Cruising With Ruben & The Jets
The fictitious bio about Ruben Sano next to Frank’s high-school photo on the back cover ends with the fan-club-spoofing fact that the singer “has 3 dogs. Benny, Baby & Martha.” If we return to the back cover of Absolutely Free, we find a wall of graffiti that reads “Benny, Joe, Ruben, Mar[tha], Steve” under an advertisement for Fydo dog collars.
The poodle, a frequent Zappa symbol of the unnatural, repressive shaping of a media-influenced person, appears as Fido the talking dog in “Stink-Foot” on Apostrophe (‘), Fido the sex-starved monster in “Cheepnis” on Roxy & Elsewhere and Evelyn the modified (clipped and sculpted) dog listening to the Lumpy Gravy piano-dwellers on One Size Fits All. On the front cover of the latter, God’s hand is tattooed with the Pachuco cross (the Californian Spanish gangster emblem from Frank’s teenage memories), which is also found in the Absolutely Free graffiti. The “God/dog” blasphemy comes into play, implying in this context that religion’s just another media tool that collars the unwary, when God’s hand is seen in the One Size Fits All picture and when one considers the title “Dog Breath, in the Year of the Plague” from Uncle Meat; plagues were among the historical events in Christian history, and the character in the song sings like a Pachuco (“mi carrucha,” etc.). God’s sofa is seen on the One Size Fits All cover as well; the Hebrew term En Sof means “the Boundless One.”

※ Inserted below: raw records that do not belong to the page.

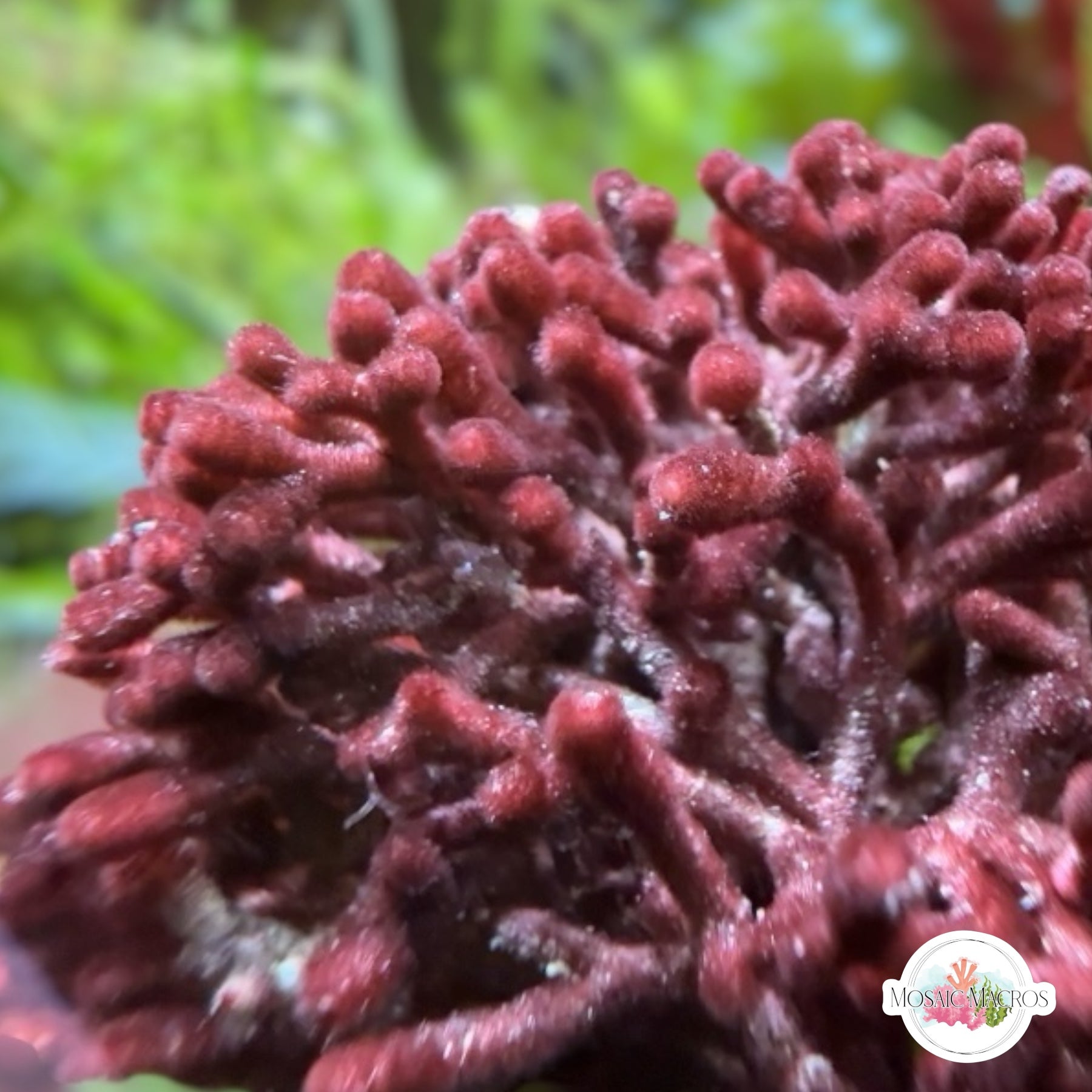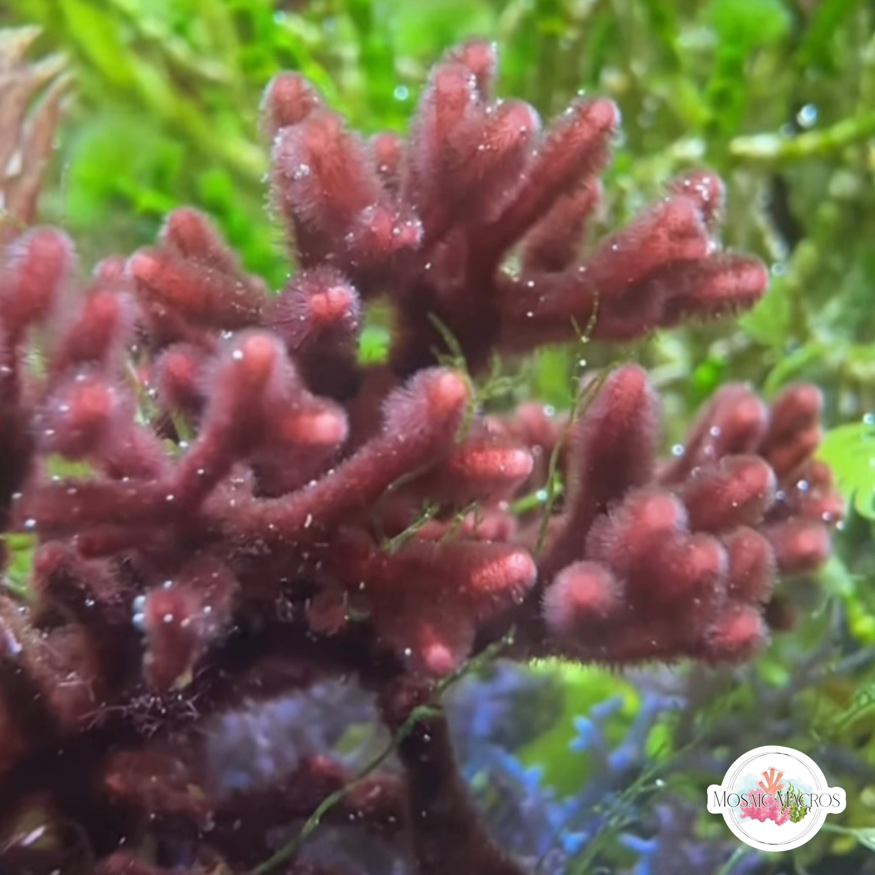 Galaxaura sp, also known as “Thickets”, are an attractive, reddish-pink macroalgae that grows in the a branching pattern. This species has fine filaments along its thallus giving it a fuzzy appearance, and is not commonly available in the hobby. It is a very, very small species, maxing out at only a couple of inches.
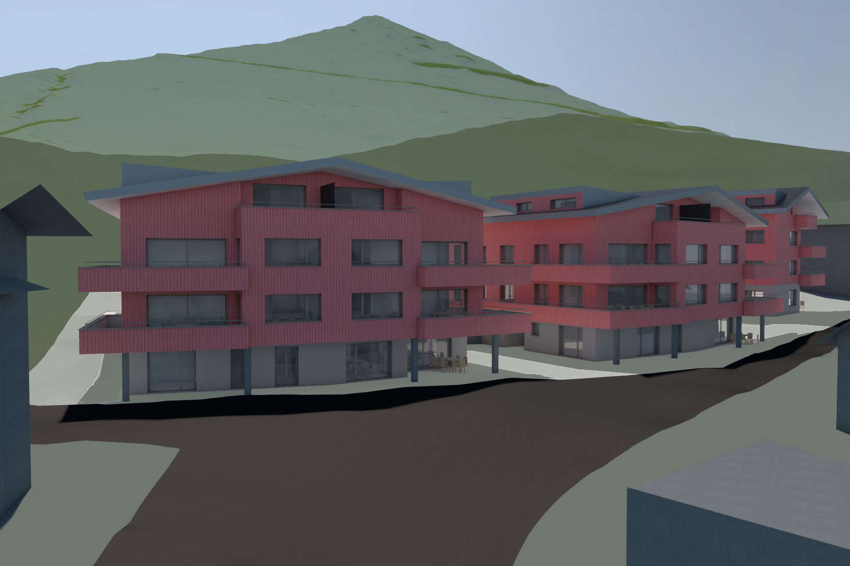 Unser Vorschlag umfasste drei Mehrfamilienhäuser mit total 18 Wohnungen und einer Einstellhalle mit 33 Autoabstellplätzen. Der Wohnungsmix der Mietwohnungen umfasst nebst vier 2½ Zimmerwohnungen hauptsächlich familienfreundliche 3½ und 4½ Zimmerwohnungen. Die Gebäude sind in Massivbauweise mit einer hinterlüfteten Holzverschalung und einem Schiefer gedeckten Dach projektiert. Die rot eingefärbte Holzverschalung nimmt dabei die traditionelle Farbgebung von historischen Holzbauten im ländlichen Raum auf und fügt die grossen Volumen sehr schön in die Umgebung ein.
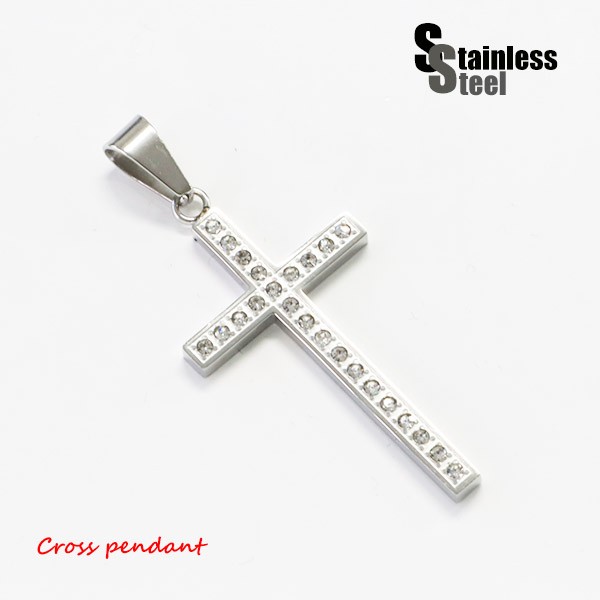 ステンレス ペンダント (34)クロス CZ 銀色 メイン メンズ レディース アクセサリー 送料無料 十字架

A small word balloon on Ruben’s front cover, far off to the left, has one of the musicians (whose noses are extended like dogs’ in order to fit their enlarged brains, as the Uncle Meat booklet explains) going “quackquack,” spoofing people who try to be cool at the expense of being themselves (acting like a duck rather than a dog). In this case, the quacking singer’s trying to sound black; it’s Frank’s self-effacing joke about being a white person who tries to sing the blues. Duck bills resemble black people’s lips, as the Thing-Fish album points out via its sarcasm-based mockery of those who stereotype.
In the army to the left on the Grand Wazoo cover, we see not a singing dog breaking character, but a quacking horse riding into battle (horses have big lips). A similar horse is seen on the back wall in the Ahead of Their Time drawing, also quacking. On the floor is a book called Uncle Duck, under the only non-dog character in the drawing: a bird. The French word oiseau (say “wazoo”) means “bird.”